PHI and uPA would be of potential value in discriminating between PCa, BPH and healthy men in addition, both are promising as independent predictors of adverse pathological features.

1. Introduction

Prostate cancer (PCa) is reported to be the most frequently diagnosed cancer; it accounts for 7.1% of new cases of all cancers and 3.8% of cancer-related deaths worldwide (Bray et al., 2018). About three decades ago, with the approval of Prostate-specific antigen (PSA) as one of the few biomarkers that has been routinely used for detection and monitoring response to therapy, the landscape of PCa screening, diagnosis and active surveillance has been globally changed (Chou et al., 2011, Fenton et al., 2018). However, there are restrictions for using PSA alone for diagnosis and clinical decision-making. First, the test may give false-positive or false-negative results. Furthermore, serum levels in the gray zone (4 ng/mL to 10 ng/mL) may carry discrepancy for interpretation (Crawford et al., 2014). Therefore, total PSA (tPSA)-based testing might lead to over diagnosis and/or overtreatment (Cabarkapa et al., 2016, Printz, 2012).

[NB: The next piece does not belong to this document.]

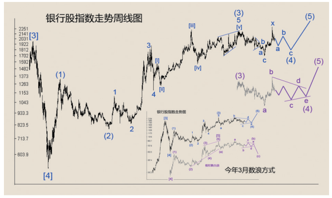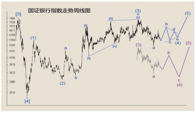 银行股指数去年10月底至今年5月上旬升浪为3浪结构,要么是间隔浪x,要么是b浪。基于基本面估值等因素,若是b浪则[5]浪(4)是一个水平三角形;若是x浪则[5]浪(4)是一个双重三。
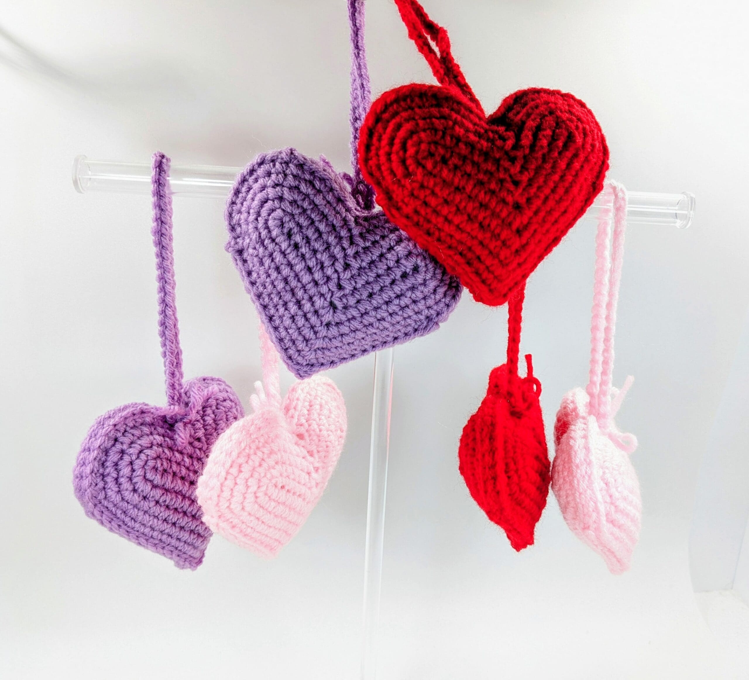 Hanging Heart Valentine Decor Set. You get a fun set of 6 crochet hearts to decorate your home. Also each heart is around 4 1/2 inches wide. You get two Red, Two Pink and two Purple. Also you can have a set made all in one color, message me to place an order. You can find more fun Valentine items in my shop.

In fact, PSA serum levels might be affected by prostate manipulation, androgen levels, benign prostatic hyperplasia (BPH) or prostatitis. Also, PSA may be altered by sample handling, laboratory processes or technical standardization issues (Link et al., 2004, Roehrborn et al., 1996). Therefore, researchers and oncologists are studying other biomarkers that could be of significant impact in diagnosis and follow up of PCa patients. A significant enhancement of PCa detection and active surveillance utility could be encountered with the emergent use of other PSA precursors, isoforms and derivatives as free PSA fraction (fPSA); [−2] proPSA (p2PSA) and their percentage fractions as %fPSA and %proPSA (Jansen et al., 2010, Sokoll et al., 2008, Tosoian et al., 2012).

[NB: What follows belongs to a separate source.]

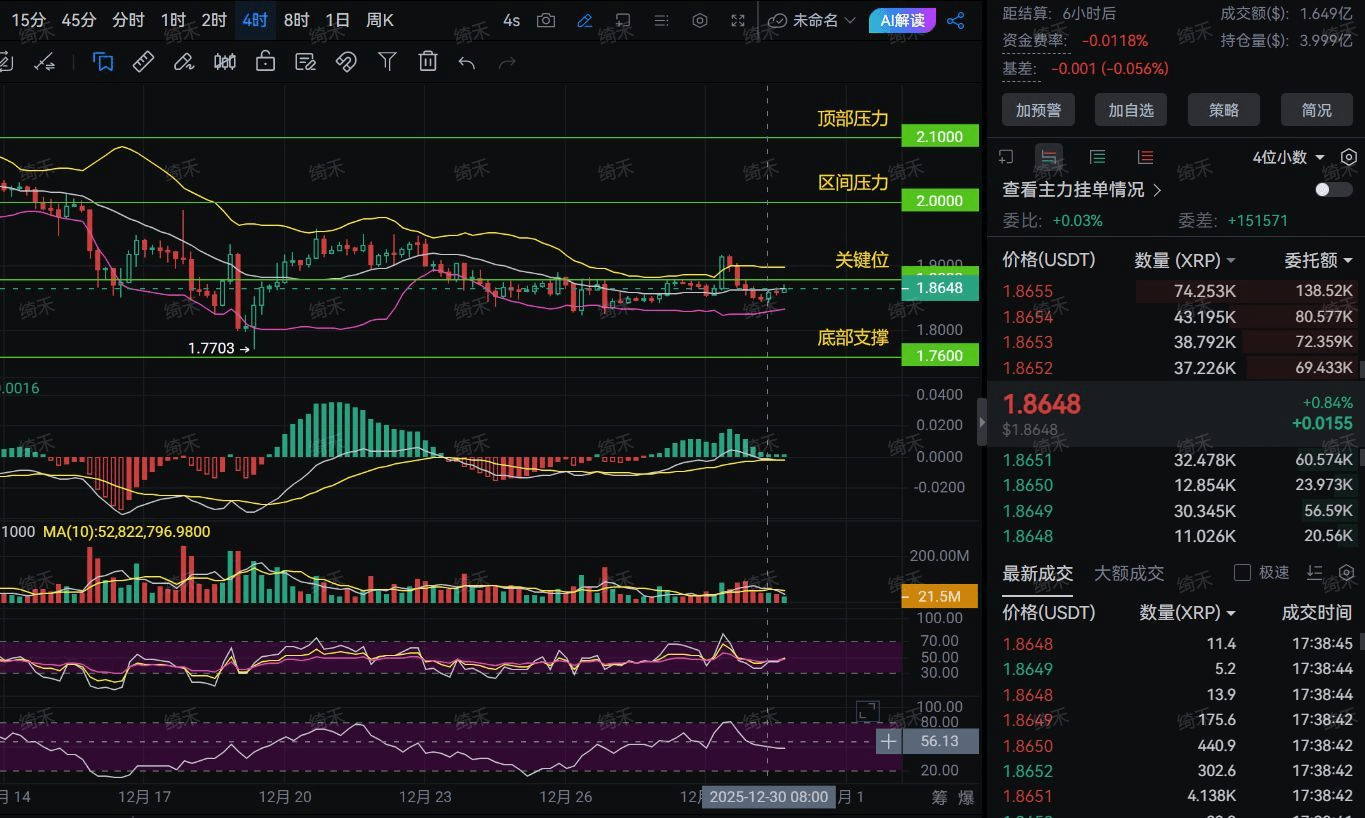 Amici, sono Qi He! Ho appena esaminato il grafico a candele e ho notato che stasera XRP sta per fare qualcosa di grande: il grafico orario sta scendendo, ma il MACD ha segnalato un incrocio rialzista, è praticamente una "guerra silenziosa". Molti fan mi chiedono: "Qi He, stasera XRP salirà a 2.0 o scenderà a 1.76? Dovrei investire tutto o scappare?" Non preoccupatevi, come vostro analista finanziario senior, vi spiegherò in termini semplici e condividerò anche alcune informazioni utili sul trading di criptovalute, garantendo che dopo aver letto, avrete le idee chiare!

A meta-analysis of 66 manuscripts reported the better performance of %fPSA than total PSA (tPSA) (Roddam et al., 2005). However, %proPSA might show better performance than fPSA (Sokoll et al., 2008). Notably, the recently approved prostate health index (PHI) carries a promising diagnostic performance and utility than PSA (Fossati et al., 2015a, Hsieh et al., 2018, Huang et al., 2014). PHI showed better discriminating capacity between prostate cancerous and non-cancerous patients, thereby lowering the rate of unnecessary trans-rectal prostate biopsies (Lazzeri et al., 2014, Lazzeri et al., 2013a, Lazzeri et al., 2013b).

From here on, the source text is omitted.